J’ai emprunté la rue Jean-Brillant, comme je l’avais fait si souvent au cours des dernières années. Le froid glacial me pinçait les joues, mais ça n’avait aucune importance. J’étais fébrile : l’heure de ma délivrance avait enfin sonné. Une fois rendue au Pavillon Lionel-Groulx, j’ai monté l’escalier jusqu’au Département des littératures de langue française, 8e étage, là où je devais déposer le fruit de mon labeur.
Je suis arrivée devant la secrétaire, haletante, mais le sourire fendu jusqu’aux oreilles.
– Bonjour, je viens déposer mon mémoire de maîtrise. (J’avais sans doute cette voix aigüe qui sort spontanément quand je suis trop excitée.)
– Bonjour, vous l’avez en 3 exemplaires?
– Bien sûr, les voici!
– Qui est votre directeur de recherche?
– Pierre Popovic.
– Et les membres de votre jury?
– Catherine Mavrikakis et Pierre Nepveu.
– C’est parfait! Chacun recevra sa copie pour l’évaluation. Merci.
– …Merci! Bonne journée!
J’ai tourné les talons. Quand j’ai été certaine qu’elle ne pouvait plus me voir, j’ai serré les dents en m’exorbitant les yeux : Quoi? Pas bravo! Pas félicitations! Merci, c’est tout!

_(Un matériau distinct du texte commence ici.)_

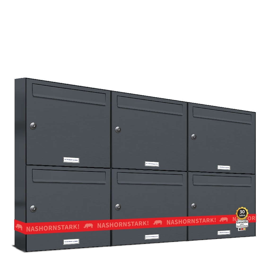 AL Briefkastensysteme 6 Fächer Premium Wand Briefkasten Anlage A4, in RAL 7016 Anthrazit Grau und wetterfest, Artikelnummer: 331P6EA3P7016
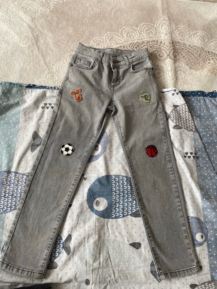 Gri renkte, düğmeli ve renkli nakış detaylı salaş kesim erkek çocuk kot pantolonu. Rahat sokak stili için uygun.
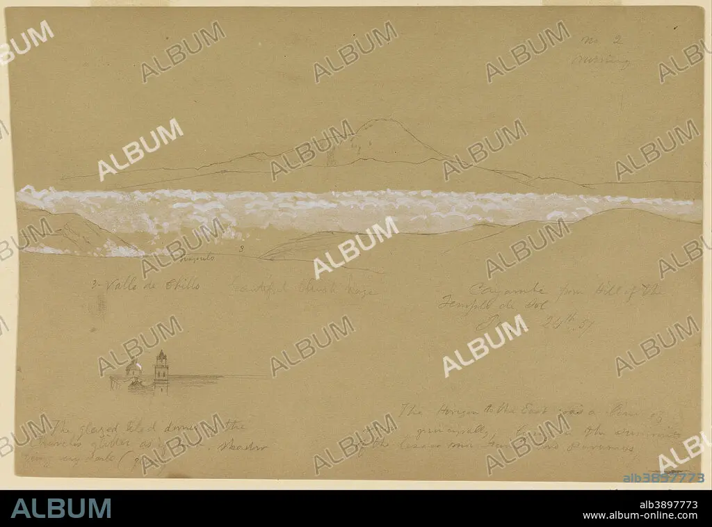 FREDERIC EDWIN CHURCH. Cayambé, Morning, from the Temple of the Sun, Quito. Date/Period: June 24, 1857. Drawing. Graphite, brush and white gouache on tan wove paper.
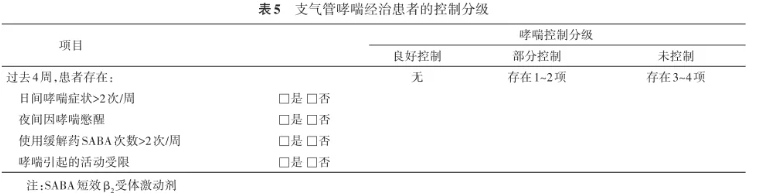 1. 哮喘临床控制水平评估[23]:哮喘控制分级可分为良好控制、部分控制和未控制3个等级(表5),据此来确定治疗方案和调整用药。同时也应注意如咳嗽、胸闷等不典型症状,以及症状的持续时间、诱发加重或缓解的因素等。
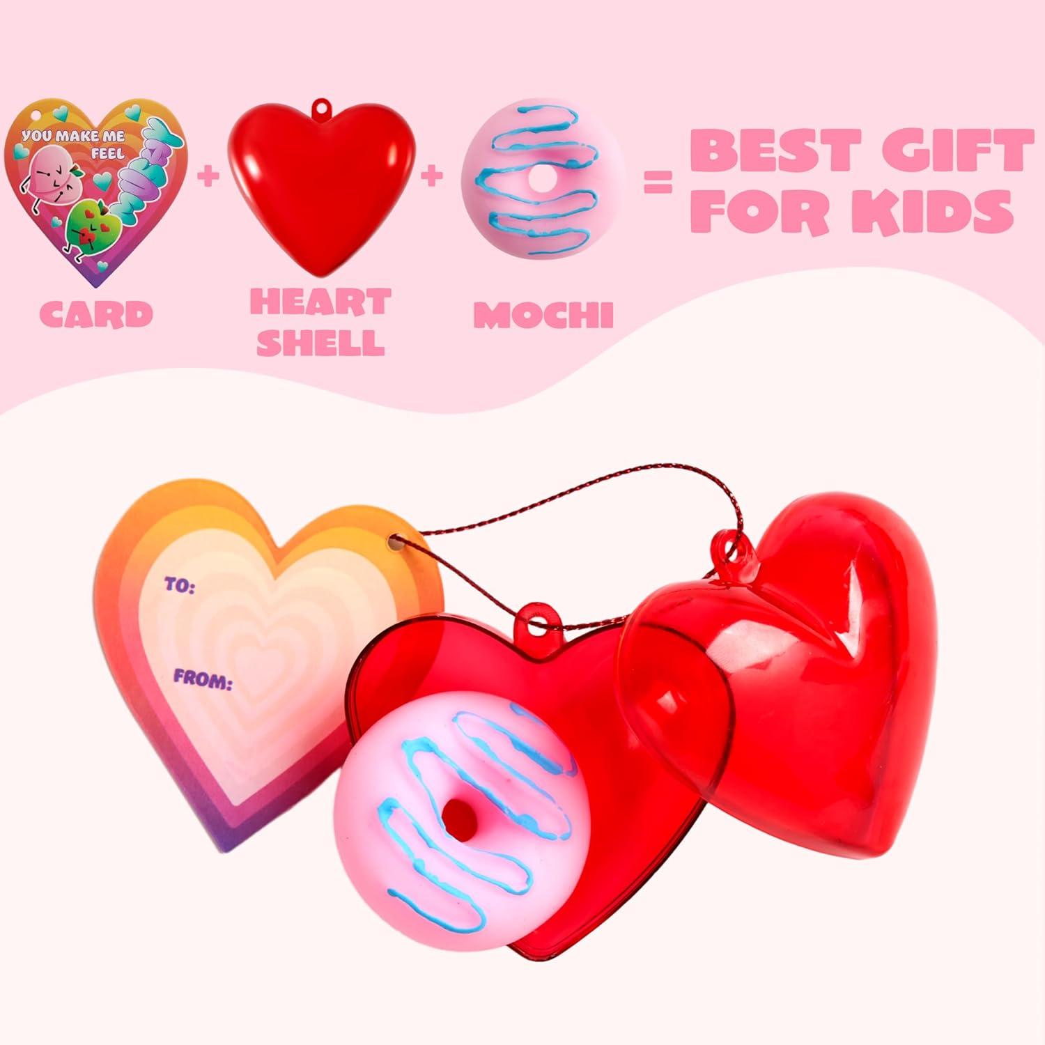 JOYIN 28 Packs Heart Gift Cards with Mochi Squishy Toys and Heart Shells, Stress Relief Fidget, Cute Miniature Novelty Toys for Kids Party Favors and School Exchange(Kawaii Valentine Mochi)
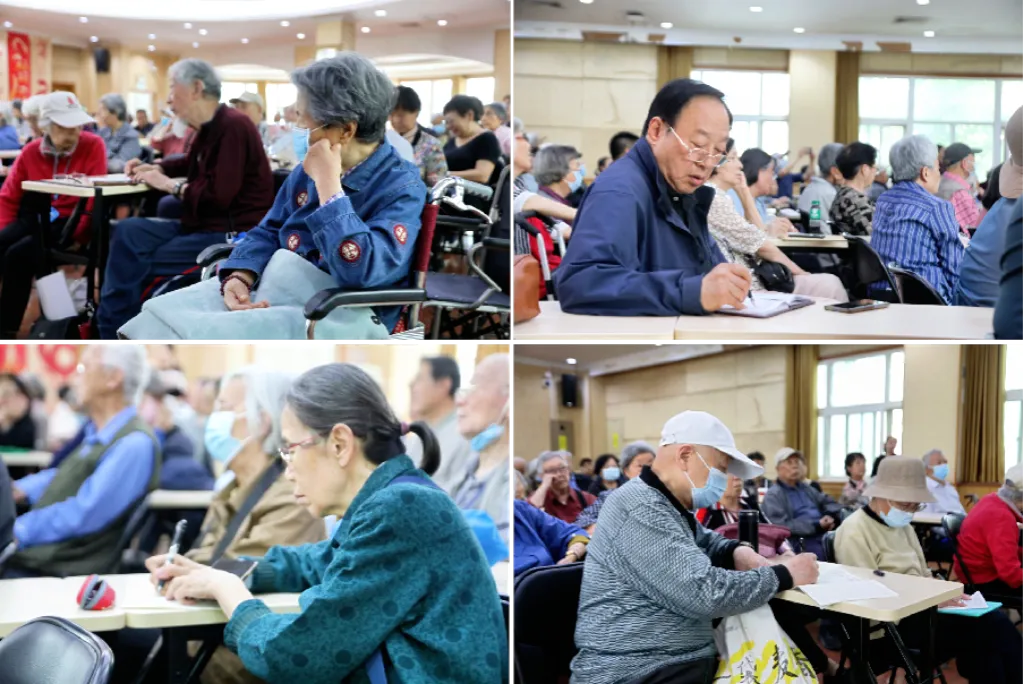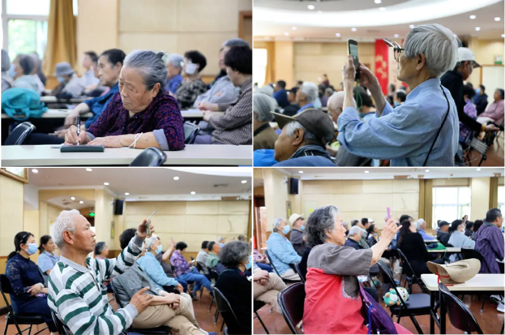 讲座过程中,台下老同志们全神贯注,有的认真记录要点,有的举起手机拍摄关键内容,互动环节,现场气氛高涨。

Ces 125 pages contenaient tout ce que j’avais. Tout! Et c’était ça, juste ça, déposer son mémoire de maîtrise. J’ai descendu l’escalier lentement, le vague à l’âme. Je suis sortie dehors. Rien. Pas de fanfare. Pas d’applaudissements. Juste le froid, qui me glaçait jusqu’aux os.
Mon mémoire de maîtrise a failli me rendre folle. Ça fait maintenant 10 ans que je décante cette expérience de la limite.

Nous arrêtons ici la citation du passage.